When Mary Baker Eddy was twelve, the theological belief of predestination was prevalent in churches in the United States. This Calvinistic belief of "unconditional election" provided that some were "saved" and others were doomed to endless separation from God. This troubled the young Mary, who felt she could not subscribe to such a doctrine. She tells of this experience in her autobiographical work, Retrospection and Introspection. See Ret., pp. 13-15.
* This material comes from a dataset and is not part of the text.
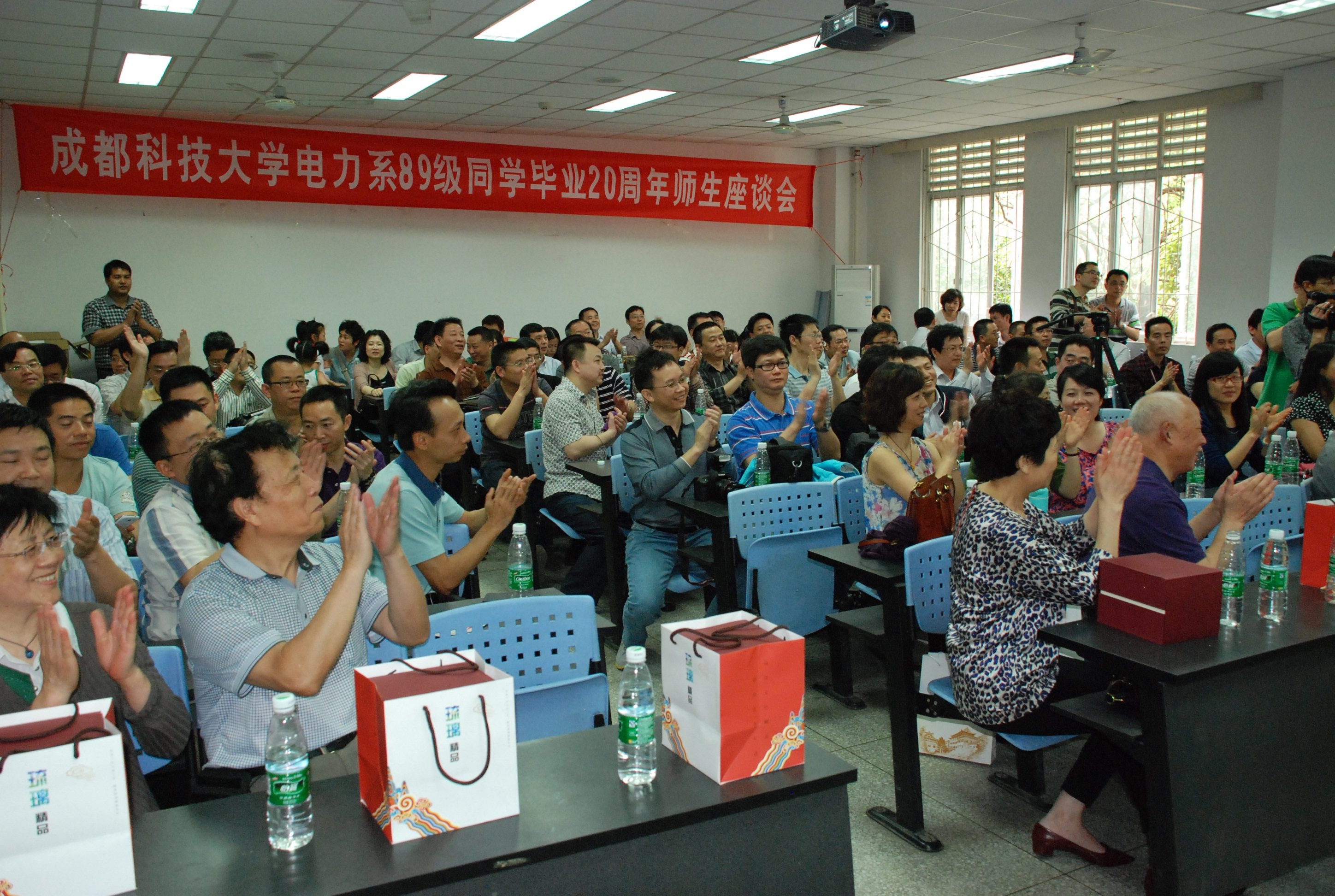 2013年4月30日上午9点半,九十余名原成都科技大学89级电力系校友毕业20年后在望江校区电气信息学院基础教学楼前再聚首。首先,校友们围在一起在捐赠给学校的大树下进行了剪彩并合影留念。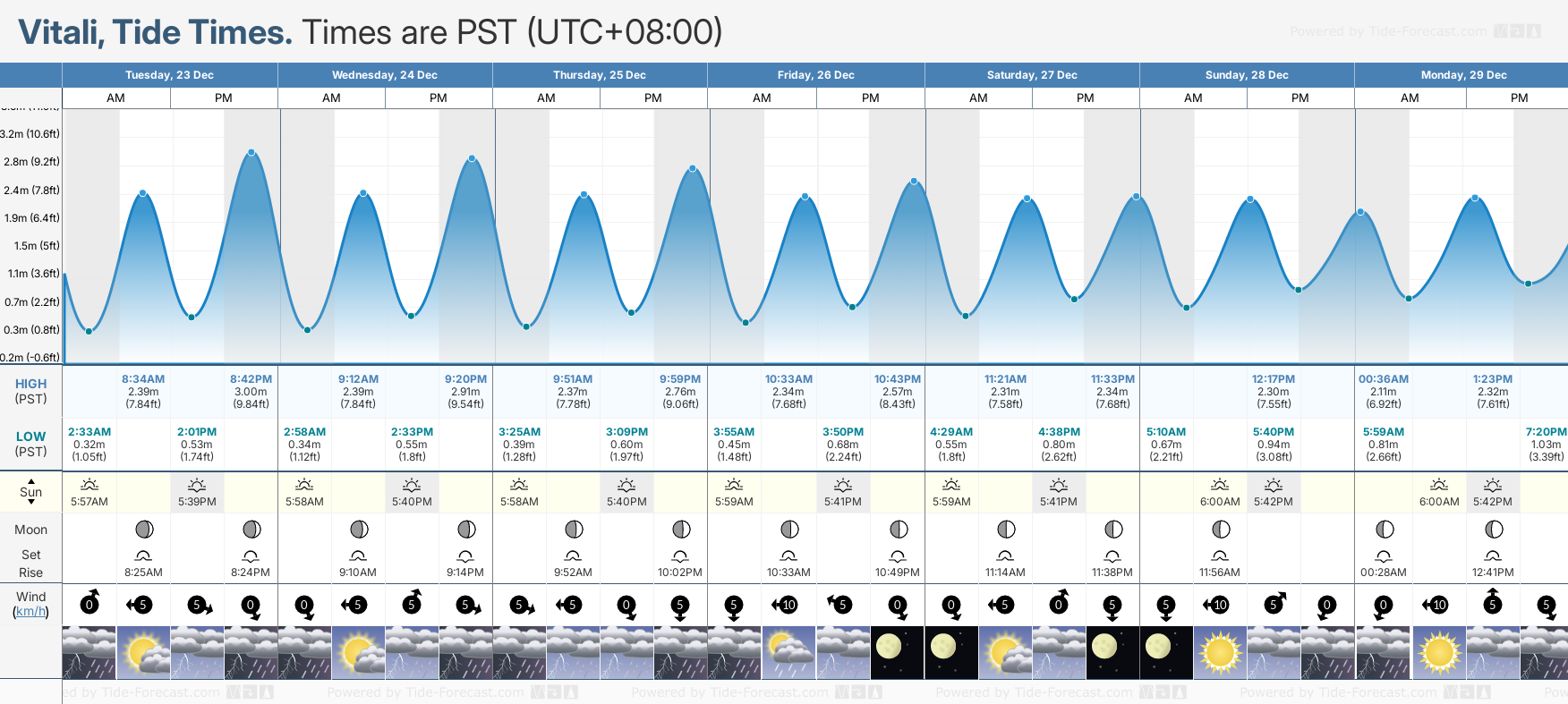 Tide Times are PST (UTC +8.0hrs). Last Spring High Tide at Vitali was on Sun 07 Dec (height: 3.38m 11.1ft). Next high Spring Tide at Vitali will be on Tue 23 Dec (height: 3.04m 10.0ft).

She wished to join the church of her parents but did not want to agree to this doctrine. She says, "So perturbed was I by the thoughts aroused by this erroneous doctrine, that the family doctor was summoned, and pronounced me stricken with fever." Her mother urged her to rely on God's love and to go to God in prayer. She did pray and the fever was healed. She says, "The physician marvelled; and the 'horrible decree' of predestination—as John Calvin rightly called his own tenet—forever lost its power over me." Eventually the pastor accepted her into membership— as she says, "my protest along with me."
What a wicked belief—the preordination of some individuals to everlasting happiness and others to endless misery! What we might call "biological Calvinism" is widespread in thought today. Looking to genes as the determiner of a good or evil inheritance can be seen as a modern-day belief in predestination. But God is the only true creator. He gives identity. He outlines His own ideas, giving each one purpose. And He confers good alone. Moreover, God, who is Spirit, creates not material offspring but purely spiritual offspring, who express His nature.